嬉しかった気持ちに水を差されて、それで居づらくなって出てきた、って所かな?
「悠介さん、俺……。俺、応援してっから!治んねぇかもしんねぇけど、元気でいられる様に。だから……、友達、続けていいか?」
「寂しい事言わないでおくれよ?一度友達になったのに、次の日には友達辞めます、なんていうわけがないじゃないか。誰がなんと言っていおうが、俺達は友達だよ。」
寂しそうにしてる雅也君、俺は素直な気持ちを話す。
雅也君は嬉しそうにはにかんで、俺は愛おしくて頭を撫でる。
「まーくん?お知り合い?」
「あ、母ちゃん。友達の悠介さん、浩希の父ちゃんなんだって。癌、なんだってさ。」
「浩希君のパパ?あー、お久しぶりね。貴方は覚えていらっしゃらないと思うけれど、私は雅也の母です。浩希君、最近元気がなかったから、どうしたのかと思ったら。パパが癌だなんて、それは元気もなくなるわね。」
近くの病室から、三十代後半くらいの、雅也君に似た細目のお母さんが出てくる。
雅也君が友達だって話すと、嬉しそうに笑って、でもちょっと複雑そうな顔をしてる。
「癌、治るの?」
「浩ちゃんが、お世話になってます。余命半年、って九日前に言われました。今日検査したら、胃に転移してるって話です。」
「あら……。残念ね、浩希君はパパのお話をするとすごく嬉しそうにしていたから……。こんな事、貴方に言うのは間違ってるのでしょうけど、浩希君と弟君、遺されてしまうのは悲しいわね。」
「きっと、いつかわかってくれるって思ってます。俺のエゴかもしれないですけど、今教えた事が、きっと人生のどこかで役に立ってくれる、って。」
雅也君のお母さんは、悲し気な顔をしてる。
自分の息子の癌は治った、もう退院目前、それは嬉しいのだろうが、浩希の事を考えてくれてるんだな、って言うのがよくわかる。
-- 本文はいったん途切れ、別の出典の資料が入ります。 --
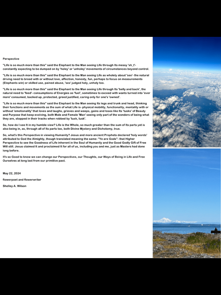 Perspective… May 23, 2024 / Flowerpoet / Leave a comment My photos with poem Share this: Click to share on Facebook (Opens in new window) Facebook Click to share on Pinterest (Opens in new window) Pinterest Click to share on X (Opens in new window) X Click to email a link to a friend (Opens in new window) Email Click to print (Opens in new window) Print Like Loading...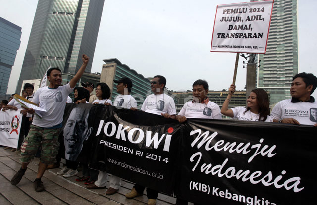 - Puluhan orang yang berasal dari Barisan Relawan Jokowi Presiden 2014 melakukan aksi di kawasan bundaran Hotel Indonesia, Jakarta (16/02/2014). Aksi tersebut untuk mendukung Gubernur DKI Jakarta Joko Widodo maju menjadi Capres 2014, karena mereka meyakini Jokowi telah membawa perubahan.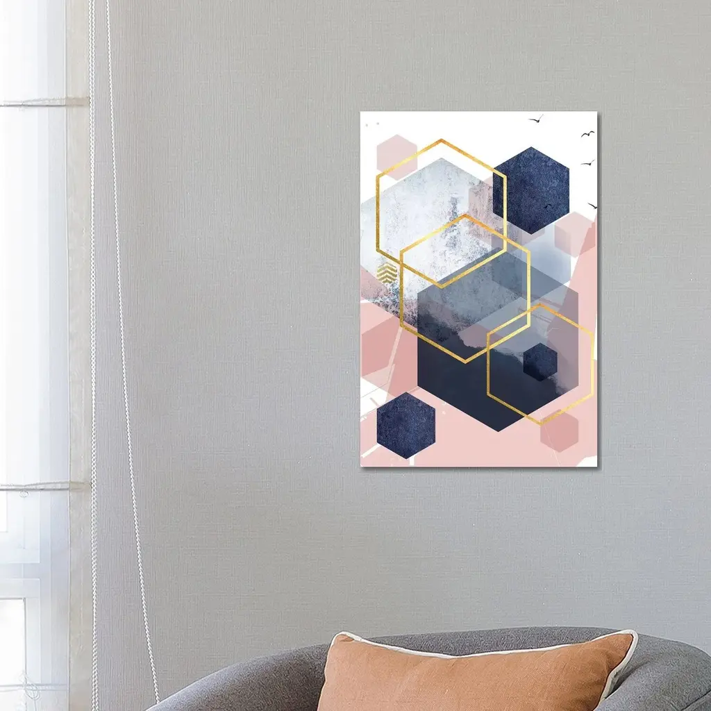 Icanvas "Abstract Navy Blush Gold I" By Urban Epiphany Canvas Print - 26x18x1.5

雅也君が命の危機にあった、って言うのも、そう言う事を考えるきっかけになったんだろう。
「まーくん、私は悠介さんとお話があるから、先に戻っていて頂戴?」
「うん。悠介さん、まったね。」
「またね。」
雅也君を病室に戻らせると、雅也君のお母さんは俺の座ってるベンチの横に座って、こっちを見てる。
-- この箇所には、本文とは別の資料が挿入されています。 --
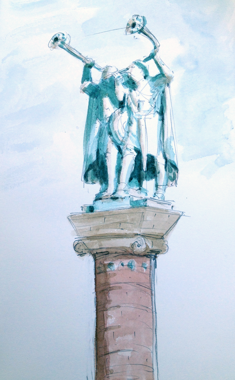 Lure blowers atop a pedestal by Town Hall (Radhuset), Copenhagen. A “lure” is an ancient Norse horn, dating back to 1800 b.c. or so. That would be The Bronze Age, a substance which, as luck would have it, the statue is made out of. Although these lure players are truly awesome, today we should have been in Montpellier, followed by another two days in Arles. I could have sketched in the unsteady footsteps of Vincent Van Gogh. Or watched flamingoes and wild ponies from the nearby marshes of the Camargue, or haggled for sea salt and leather jackets in the open-air market of Arles. But Air France is experiencing a mashup of their own, mon Dieu! and cancelled all flights, c’est la vie. Instead, we will enjoy the gracious lure blowers and the rich pageantry of Danish life in the great city of Copenhagen. Rather than lollygagging unprofitably about in the south of France, I got my hair cut, bought light bulbs and found a pair of cute pink flip-flops, 50% off.Also enjoyed a pot of jasmine tea this afternoon in a tea room dating back to the 18th Century, which, I think, was the last time they decorated. It’s within the Copenhagen Museum in a building once occupied by the Royal Copenhagen Shooting Society, founded back in 1443. Time just flew.

「なんて言えば良いのかしらね……。何とか、ならないの?」
「先生は手を尽くしてくれました、これ以上望むのは間違いだと思ってます。」
「そう……。私ね、浩希君が元気なところ見るのが、好きだったのよ。まーくんにも懐いてくれていたし、あの……。」
「ありがとうございます、お気遣いいただいて。でも、大丈夫ですよ。遺されるあの子達は辛いでしょうけど、でも、沢山の人達が一緒にいてくれますから。きっと、乗り越えてくれる、きっと、また元気になってくれる。俺は、そう信じてます。」
「そう……。なら私も、その輪に加えてもらえないかしら?まーくんが癌になって、ずっと怖かった。浩希君やお姉さんの怖さを、私はわかると思うの。だから、貴方が死んでしまった後、私に出来る事があるのなら、したいわ。」
気持ちが浮ついてても仕方がないって時に、誰かの心配をする。
この人はいい人だなって思って、顔がほころぶ。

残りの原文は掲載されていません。